Here is everything I know about the fake illegal people. I want to share as much as possible, so no one is taken advantaged of. 

first email from person..

email from [email protected] name-- Meghan Waa
****************************************************

Hello,Am located in the North West Province of Cameroon.Find a group of photo of Aldabras and a group photo of Galapagos.You can reach me on phone number +237 77 89 08 28 or 00237 99 90 55 35 for more talk,if ok then get back with your full mailing address and when you will want the animals to be delivered and your full ORDER.The Galopagoes young will go for 60 euros,then adults for 460 euros.The Aldabra young will go for 70 euros,then adults for 500 euros.

here are some pics she included in her email...





















*******************************************

second email....

sorry for let reply,my internet had a problem so that is why i could not replying in time.Let me know how many you will take?I gave you the prices for both adults and young ones so let me know what you will take.Also when do you want the animals to sent.Get back to me as soon as possible or you can reach me phone number 00237 99905535 or 00237 77890828.Get back to me with your phone number.You will have to use the western union to make the payments.

Mofor Frankline ......................Name
?????? ...............................Amount

?????? ......................................MTCN ( control number )
Kribi ..........................................City/State
Cameroon ...........................................Country
Who Cares ........................................Test Question
God .................................................Test Answer


After you make the payments get back to me with the MTCN ( control number ) and the amount. do will want the animals to be delivered at your home address.
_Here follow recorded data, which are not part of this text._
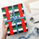 ¡Eleva tus regalos con nuestro papel de envoltura con la bandera de los Emiratos Árabes Unidos! Diseñado para celebrar la herencia de los EAU y la identidad cultural, este documento de presentación muestra de manera prominente los icónicos colores negro, blanco, verde y rojo de la bandera de los EAU, simbolizando la unidad de la nación y la rica historia. Perfecto para cualquier ocasión, ya sean cumpleaños, vacaciones o eventos especiales, este papel de envoltura añade un auténtico toque emiratí a tus regalos. Ya sea cubriendo pequeños tokens de apreciación o grandes regalos, refleja su admiración por los EAU con cada paquete. Impreso en papel de alta calidad con un acabado brillante, nuestro papel envolvente de bandera de los EAU garantiza colores y durabilidad vibrantes. El diseño de la bandera está bellamente reproducido, haciendo de cada presentación de regalo una declaración mientras muestra su legado emiratí. Tanto si envías regalos para un entusiasta de los EAU como si le agregas un toque patriótico a tus celebraciones, este envuelto es una elección significativa y simbólica que combina estilo con orgullo cultural.
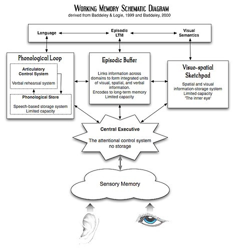 다음으로 알아볼 기억 모형은 앨런 배들리(Alan Baddeley)라는 인지심리학자가 제안한 작업기억 모형입니다. 그가 제안한 작업기억이란 단순히 정보를 저장하는 수동적인 개념이 아니라 일시적으로 정보를 저장하고 그것을 조작하거나 통합하는 역동적인 작업이 포함된 기억의 개념입니다. 앞서 언급했던 애킨슨과 쉬프린 모형에서의 기억은 마치 컨베이어 벨트를 따라 정보들이 수동적으로 들어오는 과정에 가까웠는데요, 작업기억은 들어온 정보들을 역동적으로 조작하고 통합하기 위한 작업 책상에 가깝다고 볼 수 있습니다. 작업기억에 들어온 정보들은 일시적으로 머무르기 때문에 앞서 말한 모형의 단기기억과 유사한 부분이 많습니다. 다만 작업기억에서는 단순히 정보를 저장하는 단기기억과 달리 기억 내용에 대한 인지적 작업이 발생하기 때문에 이 모형은 단기 기억을 확장하고 세분화를 한 것이라고도 볼 수 있습니다.
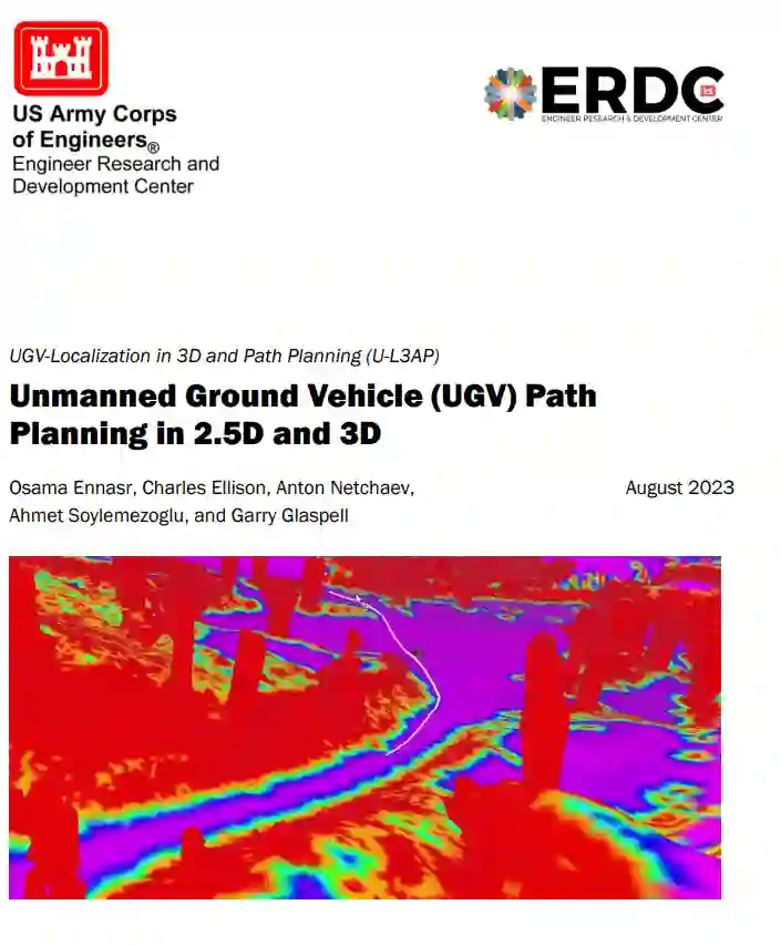 本报告涉及《陆军多域情报: 21-22 财年科技重点领域》(参谋部副参谋长办公室,2020 年)。具体而言,在传感器部分,本报告与以下需求相关: "传感器和机器人平台的新组合,不仅能在地形上移动,还能机动感知"(4)。传统上,无人地面车辆(UGV)以二维方式导航,并将世界划分为已知、未知和障碍。本报告试图通过在地图中加入实际地表信息,将导航扩展到 2.5维和 3维尺寸。更高的维度可以提高导航效率。
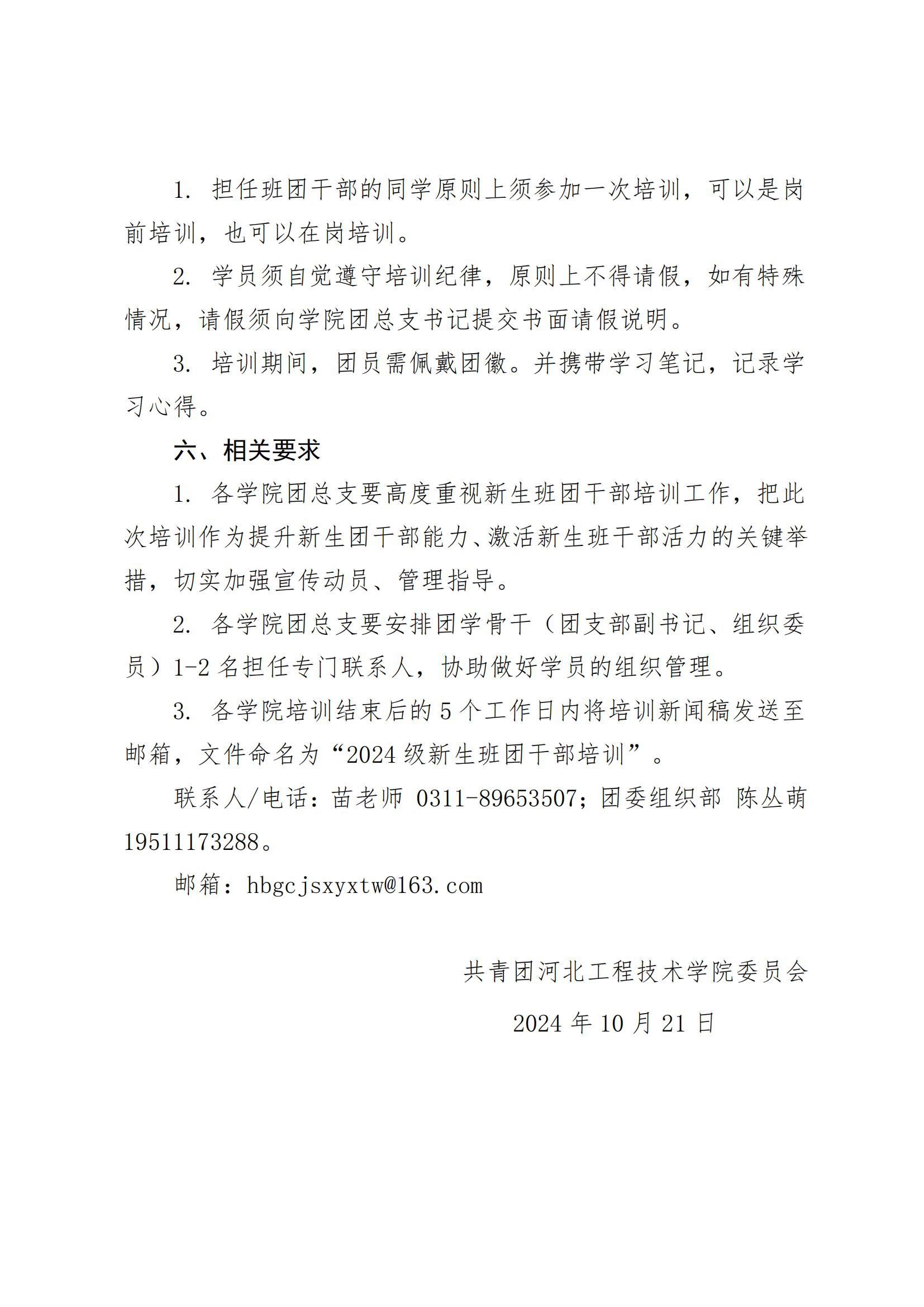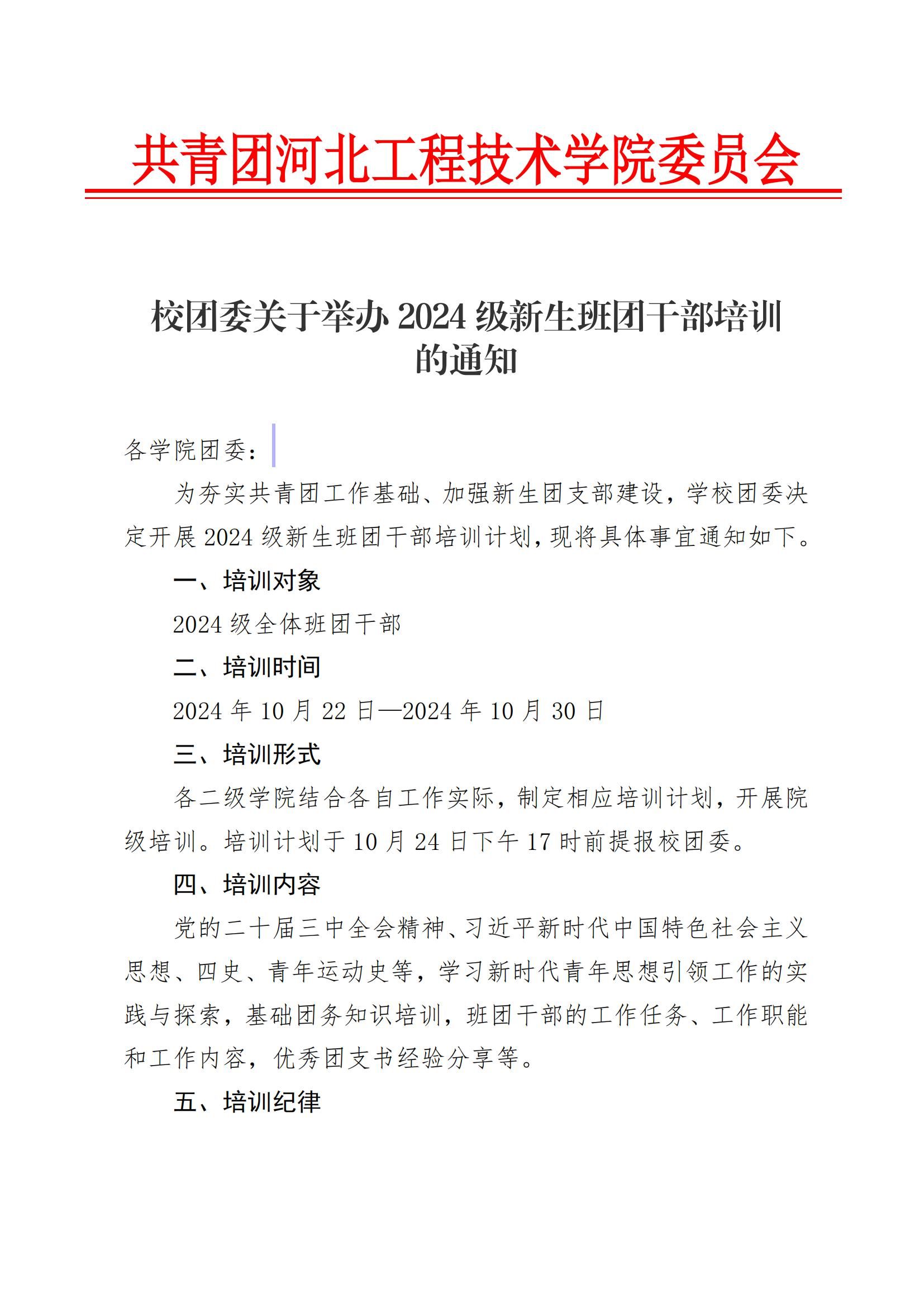 (转)校团委关于举办 2024 级新生班团干部培训 的通知
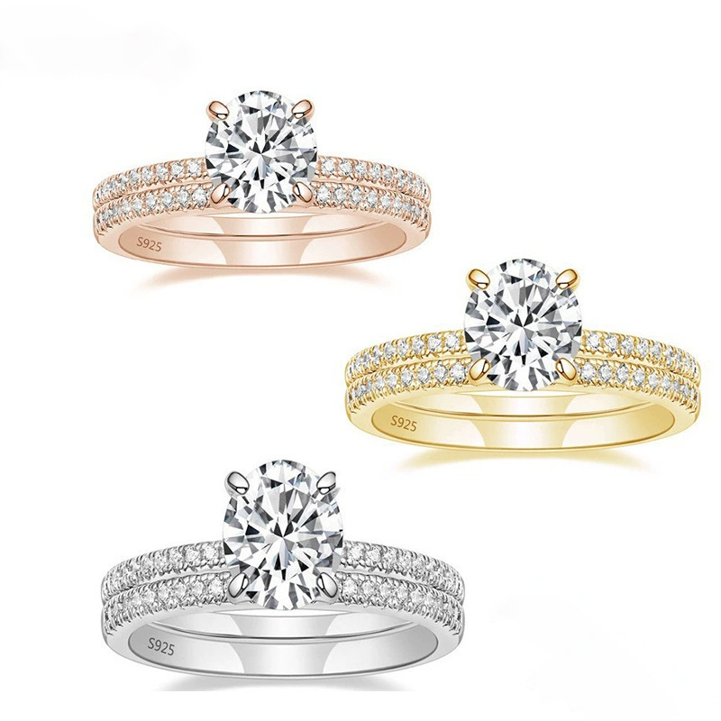 European and American jewelry S925 four claw set 1.2 karat 7mm round zircon suit ring in stock wholesale
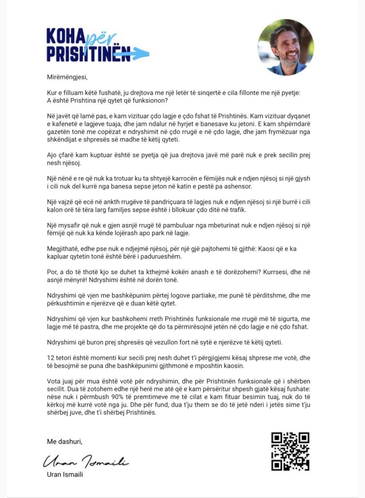 Fushata e Uran Ismailit është veçuar për qasjen e saj të afërt me qytetarët, dhe sot, në ditën e fundit para zgjedhjeve, ajo u përmbyll po ashtu siç kishte nisur – me një letër dërguar në çdo shtëpi të Prishtinës.
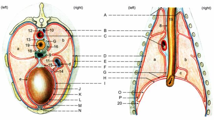 d. Oesophageal hiatus, Pleura, Sternebrae
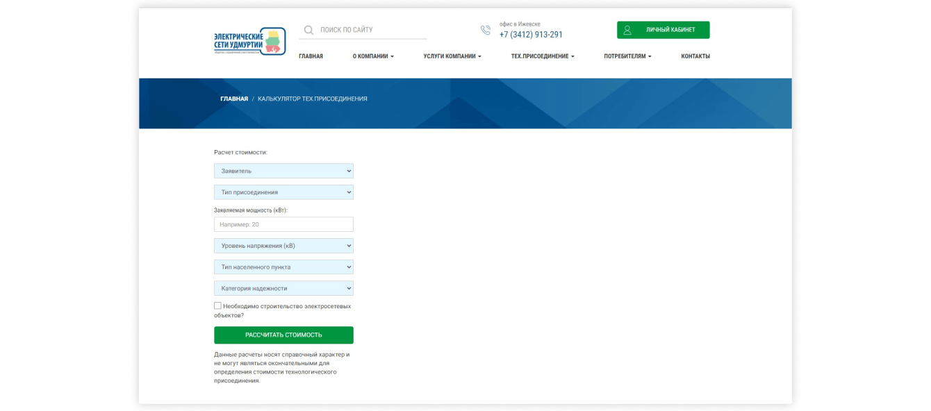 Клиент может прямо на сайте рассчитать стоимость подключения.
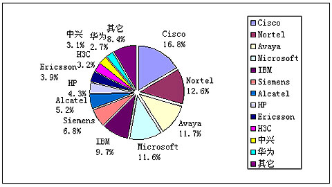 賽迪顧問(wèn)數(shù)據(jù)顯示,通信設(shè)備市場(chǎng)繼續(xù)占據(jù)最大的市場(chǎng)比重,2008年下半年,統(tǒng)一通信設(shè)備市場(chǎng)占整個(gè)市場(chǎng)份額的比例為63.9%,這主要是由于目前的中國(guó)統(tǒng)一通信市場(chǎng)還處于成長(zhǎng)階段,主要市場(chǎng)份額仍然由Cisco、Nortel、Avaya等知名電信設(shè)備廠(chǎng)商占據(jù)。近年來(lái),Microsoft、IBM等世界頂尖級(jí)的軟件廠(chǎng)商在統(tǒng)一通信市場(chǎng)表現(xiàn)不俗,市場(chǎng)發(fā)展趨勢(shì)顯示,隨著技術(shù)的不斷成熟和應(yīng)用的不斷發(fā)展,統(tǒng)一通信軟件市場(chǎng)份額還將進(jìn)一步的增加。
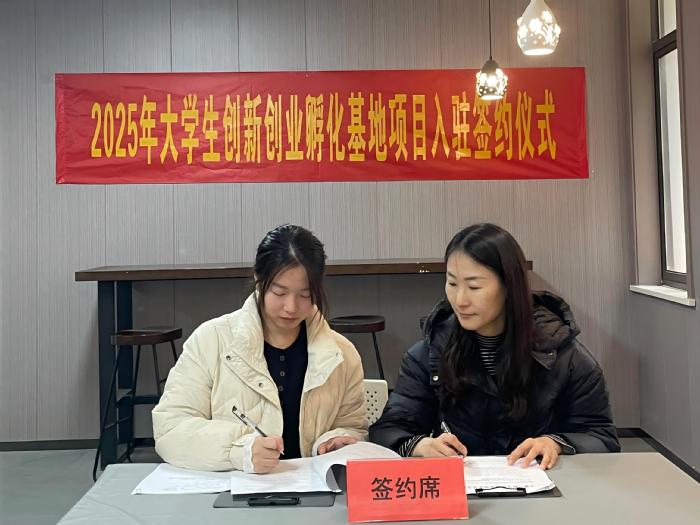 12月4日,我校2025年大學生創(chuàng)新創(chuàng)業(yè)孵化基地項目入駐簽約儀式在基地舉行。副校長洪梅、“啟航團”(創(chuàng)新創(chuàng)業(yè)學生團隊)成員代表參加儀式。儀式由就業(yè)創(chuàng)業(yè)處負責人主持。
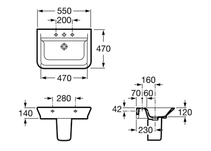 GAP умывальник 55x47 см, с отверстием под смеситель, с переливом
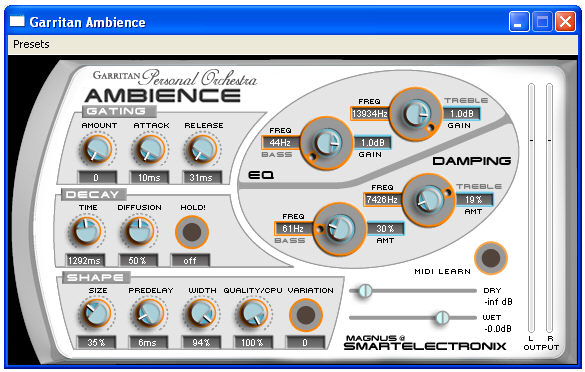 Personal Orchestra. These presets include concert halls, a cathedral,
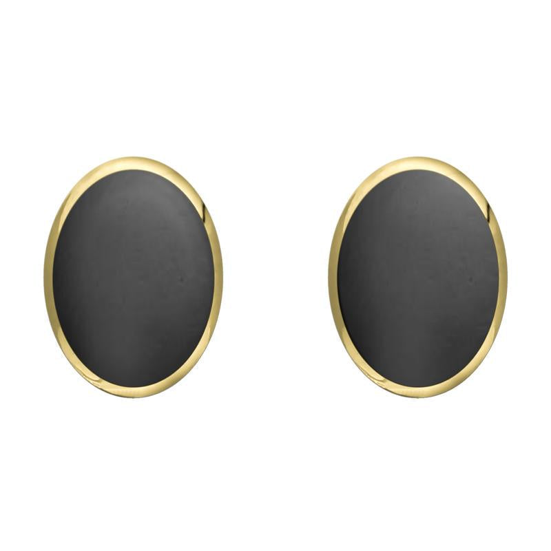 9ct Yellow Gold Hematite 8 x 10mm Classic Large Oval Stud Earrings, E007.

*********************************

 *PLEASE BUYER BEWARE!!!!!!!!! *


----------



## Isa (Jul 14, 2008)

Thanks for the info Cory


----------



## Redfootedboxturtles (Jul 14, 2008)

any ways you cant buy from other countrys unless you , your self have an import licences. corret?


----------



## spikethebest (Jul 14, 2008)

i was told by the US Wildlife Service that upon inspection of said animals, with 48 hours advanced notice, and an export certificate from exported country showing captive bred and not wild caught, then i can be issued a one time license. If it would be a regular operation, then more thorough licenses are required and more time is necessary.


----------



## agiletorts (Jul 14, 2008)

I would like to hear if anyone ever purchased from these people and they're all really as bad as we thought they are? I heard many stories, but not sure if there were ever successful transactions before.


----------



## Josh (Jul 15, 2008)

agiletorts, this was a scam...read the thread for more information.


----------